So I gave it back to them: "Oh, you mean Ted. No, don't call him Teddy. He's my pal. Ginny has cats, Dave has dogs. I've got Ted." Somehow over the next few weeks he never quite left the van; he was usually buckled into one seat or another as I drove around. One of the guys in the copy room made up a yellow, diamond-shaped "Bear On Board" sign, copying the then-popular "Baby On Board" signs, and stuck it in a back window.
It went on from there. I had the big van and didn't drink much, so I was the driver a lot. We'd go to a football game, get there early to cook hot dogs and drink beer in the parking lot, and Ted was always with us. Many fun pictures were taken with Ted drinking beer, feeling up the girls, suntanning in a lawn chair. His eyes could be rotated and his tongue had some side-to-side adjustment, so he could look happy, leering, or cross-eyed drunk. All the girls wanted their pictures taken with Ted.
My boss was a good-natured sort, and encouraged lighthearted personal notes at the bottom of the status reports we submitted each week. So after the work-related items, Ginny told about her cats, Frank told what new words his kid had learned, and I wrote about Ted:
• "Ted thought he was losing weight despite his beer intake. He's broadened his diet to include nylon dog bones and styrofoam peanuts."
• "Someone at the ball game gave Ted a hot dog on a plastic plate. He ate it, said it was delicious, but gave back the hot dog."
• (Scheduled for delivery when I was on vacation:) "sam wernt heree to do hte ststtus reprts so me ted is doin them. nothhing much happned this week except for tha chicago bears and cubs both winnin a lot but ucla bruins losst. go bear teams go. sorry for baad typin. is hard wif paws."
• "Ted saw a special on TV about polar bears hunting seals beneath the ice. He wants to go to the mall and hunt for stuffed seals at the toy store. I didn't have the heart to tell him . . ."
And so forth. Ted emerged through these snippets as a blue collar sports fan (especially a fan of teams with bear mascots), not too bright, well-meaning but prone to drink and mild debauchery, with a diet of plastics and beer. Everything was all fun and games, and everyone liked Ted—except for Marie.
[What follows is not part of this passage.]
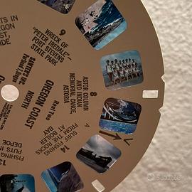Visore View-Master Sawyers originale americano anni ‘60 completo di 3 confezioni di dischi (3 dischi per confezione, 21 viste) per visione stereoscopica. Ottimamente conservato

Marie thought that a guy having a stuffed animal—even a macho one like Ted ("Don't call me Teddy")—was childish. Dumb even. So we quarreled about it a bit, nothing too serious. She insisted we take her car whenever possible, because she didn't want to be seen in Sam's Bear Van. And she had this way of rolling her eyes when my friends started talking about setting up Ted for some new pictures. But I didn't guess how strongly she felt until she gave the ring back.
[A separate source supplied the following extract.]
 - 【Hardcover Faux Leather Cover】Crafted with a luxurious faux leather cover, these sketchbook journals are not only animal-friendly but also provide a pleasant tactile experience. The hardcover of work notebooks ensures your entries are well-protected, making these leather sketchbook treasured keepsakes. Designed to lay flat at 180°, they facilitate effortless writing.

That night, I had agreed to drive six folks from work to a club to see a touring band—I'd gone to college with the drummer and we had kept in touch. Since I was the one who had set it up weeks before, I had to go, even without Marie. So it ended up three couples in the back, and me and Ted up front. The band played sort of hippie jam music, not bad, but meandering. "Twenty minutes of great music squeezed into two hours," was how I described it, "but the twenty minutes are worth it."
I still didn't know what to think about Marie. Maybe she just wanted Ted to be gone, maybe we weren't as good a fit as I thought, maybe it was just a bad day at work. I listened to the music, nursed my beer, met the band and talked to the drummer between sets, and tried to enjoy myself. It almost worked.
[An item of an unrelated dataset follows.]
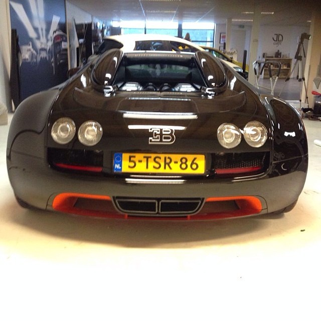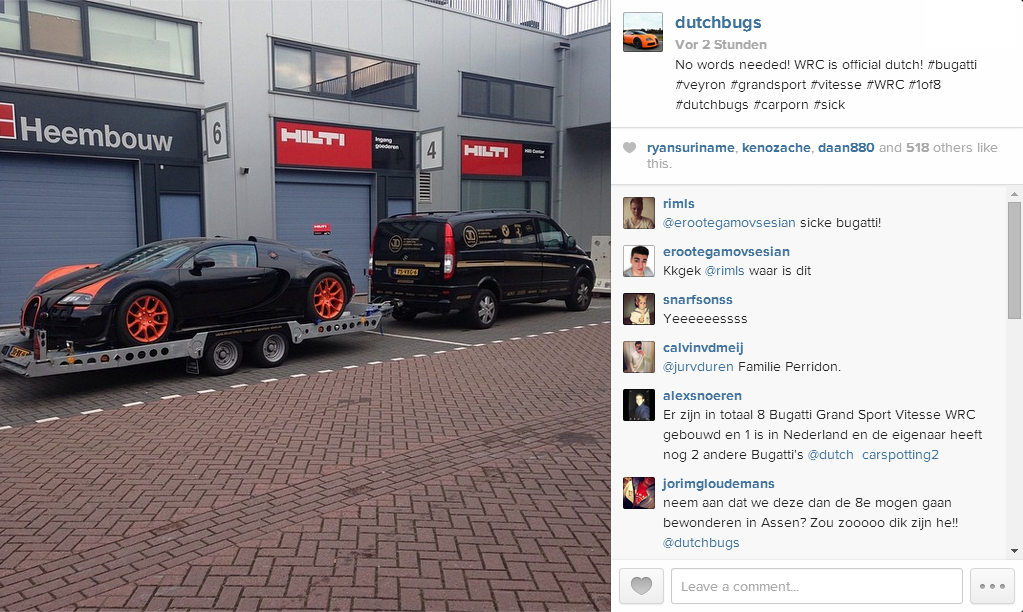 這幾天,有部記錄著Ferrari F430圍繞著Bugatti Veyron甩尾燒胎的影片廣為流傳,而其中那部Bugatti Veyron便是由社交網站Instagram、帳號dutchbugs的隱藏人物所擁有,而他總共持有三部不同版本的Bugatti Veyron,包含一部初期型Bugatti Veyron與進階版本Bugatti Veyron Grand Sport,另外一台則是眼前這部Bugatti Veyron Grand Sport Vitesse World Record Car Edition。顧名思義,該名車主來自荷蘭(Netherlands),而由於政府稅率規範所致,諸如Bugatti Veyron等被視為奢侈品的超級跑車都被課以極重的稅額,因此有不少玩家選擇在稅率沒那麼高的鄰近國家領牌,然後在牌照許可的區域行駛。這部Bugatti Veyron Grand Sport Vitesse World Record Car Edition原本懸掛德國(Germany)車牌,然後在許可德國車牌臨時上路的瑞士(Switzerland)使用,雖然手續較為繁雜,但較省錢。

The band and I all sat around a big table between sets, and I must have drunk someone else's beer, because I got dosed with some sort of psychedelic drug. I didn't really recognize it at first, but after a while I figured out what was starting to happen to my head. (I don't want to go into the details, but I will say that I went to a California beach college, so it wasn't a completely novel experience.) Oh, shit! I needed to get out of there. It was late and my riders looked tired, so they all agreed when I suggested we go; I was hoping to get everyone home before the dose fully kicked in. Our company had a strict drug-testing policy, so I didn't want to say anything to my co-workers, and the effect really wasn't so strong—at least not yet. I could cope.
The drive home was intense. I had to drive like a robot, because all my instincts were gone and I really didn't remember how to drive. Stay in lane. Check speed. Keep it straight. Check lane. Speed. Red light, stop carefully, don't jerk. Wait. Green light, go. Worse, I thought I saw a flying saucer hovering around the van as I drove down one long straight road. I almost pointed it out to my passengers but decided that was a bad idea, and tried to pay attention to my driving and not the weird things I was seeing.
Luckily I made it back to the company parking lot without hitting anything. Everyone piled out and I drove on home, out to the edge of town where my place was. I made it there okay too, but the world had turned pretty weird inside my head by that point. I went inside and lay down on the bed. The room started to spin, so I opened my eyes to steady things. I decided to get up again when the ceiling began to twist into strange shapes. Whatever psychedelic was in the beer I drank was pretty powerful; I tried to recall coping strategies. If I just kept busy I would be okay. I needed somebody to talk to, but it was late, my friends had all gone home, and my girlfriend had left me.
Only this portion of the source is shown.